Before I landed my cushy job as a magazine editor, I
spent three years under the hood at Hotbot as an engineer and manager. Between
days reading our log files and nights shmoozing with other search engineers, I
learned more than I'd ever wanted to know about where search traffic comes
from, and where it goes to. I even wrote an article
about it for Webmonkey.
But I had put all that behind me ... until my lovely
wife, Christina,
asked me about search engine optimization for Artloop,
her fine art research and location service.

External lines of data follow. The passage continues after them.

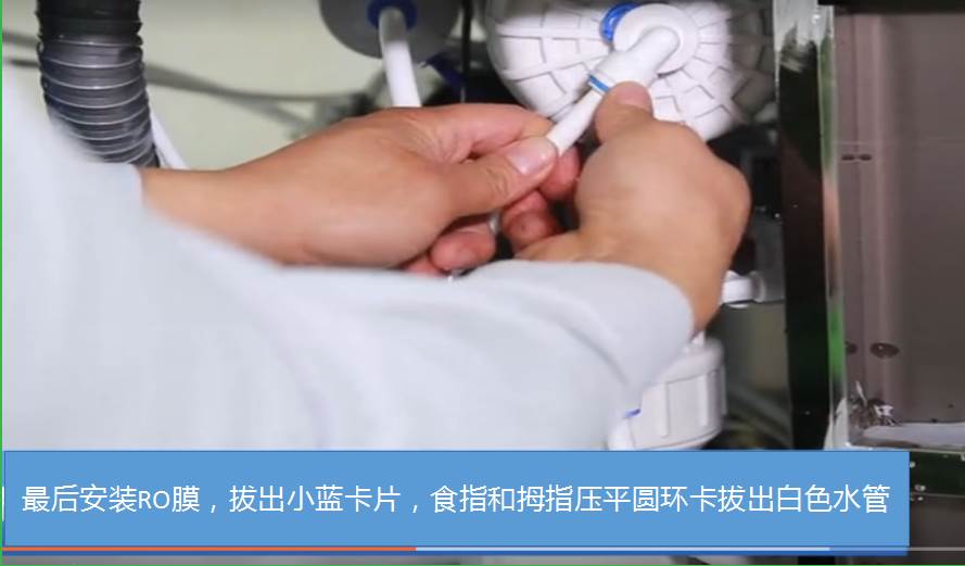 6、最后安装RO膜,拔出小蓝卡片,食指和拇指压平圆环卡拔出白色水管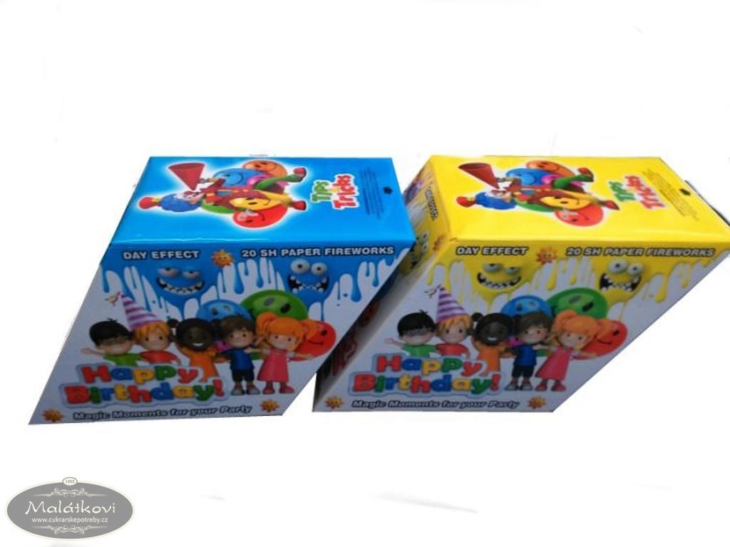 Mix barev: bílé, tyrkysové, červené, žluté, modré, fialové a růžové stuhy. Dlouhé barevné stuhy.Délka stuh: 8-9 metrů, Délka trvání efektu: 25 sek. Video naleznete zde.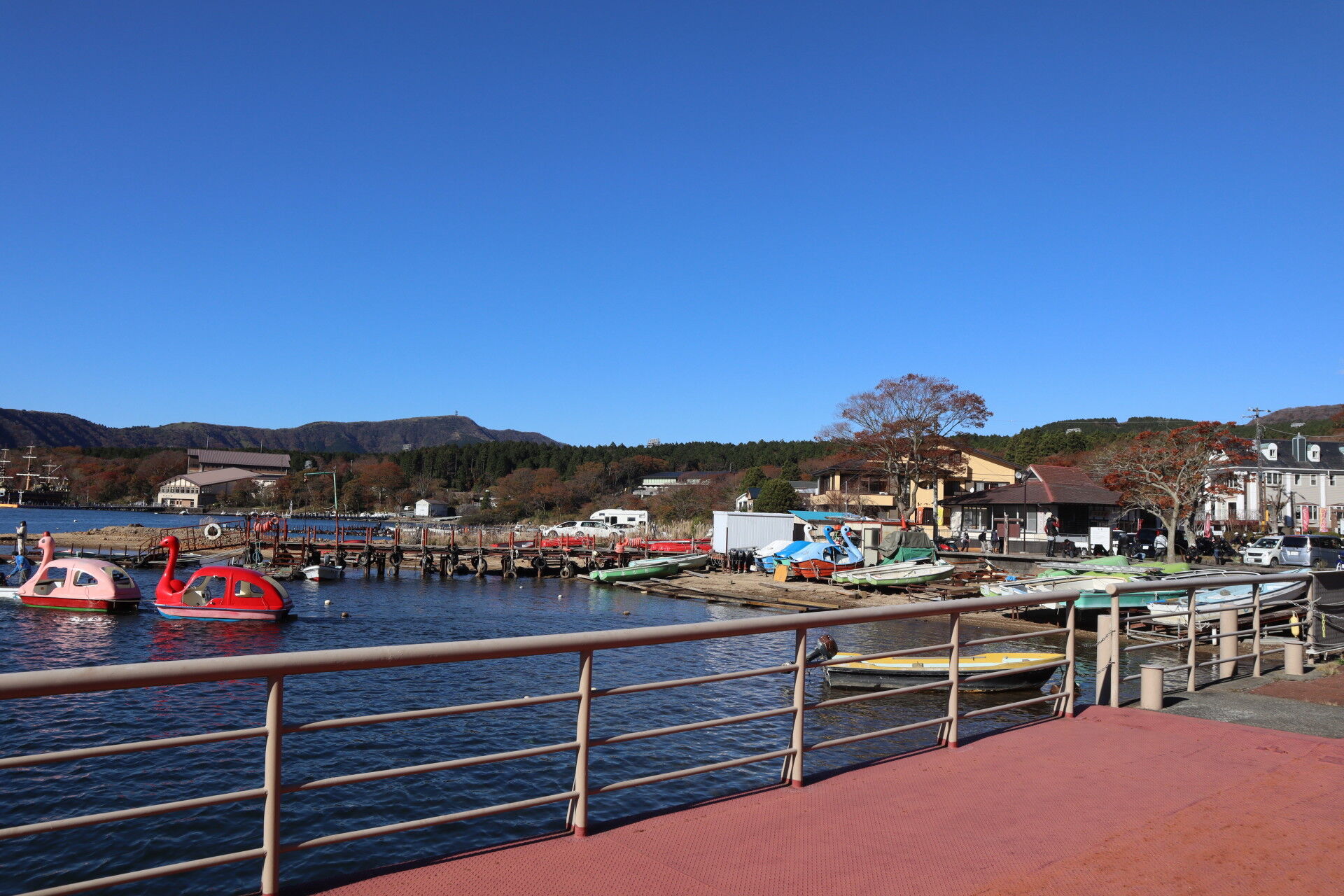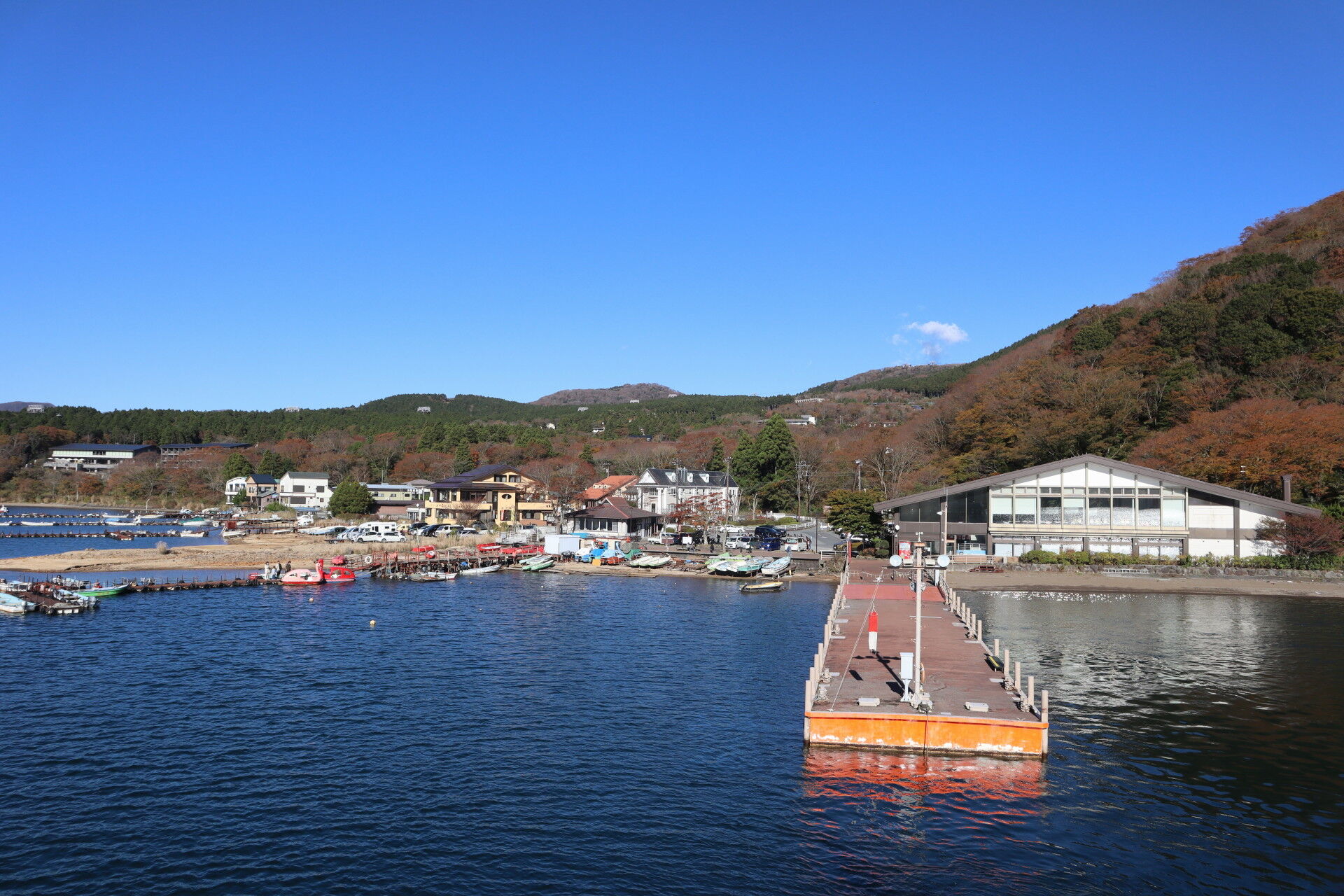 海賊船の桃源台港は徒歩5分の立地。湖尻桟橋は影が薄い…。

Dozens of companies had pitched their optimization
services to her, but Christina, a former MSN manager as smart about database
schema as she is about business plans, balked. Why pay someone to set up bogus
domains, build huge farms of gateway pages, and cram hundreds of keywords like
"britney spears" into Artloop's HTML? The very idea ran contrary to
the information
architecture and site
layout her staff had worked so hard to make as clean and clear as possible
for their visitors. Moreover, as a Web user herself, she'd learned to
recognize these traffic-grabbing methods and had become wary of sites using
tricks to get her to click. Why should she assume her own customers would
behave differently?
And she was right: Trying to fool search engine users
with keywords and trick tags makes sense only if your goal is to flash a lot
of ad banners, return traffic be damned. That used to be the business model
for an entire industry. But most sites in business today hope to convert
first-time visitors into loyal customers by building long-term relationships.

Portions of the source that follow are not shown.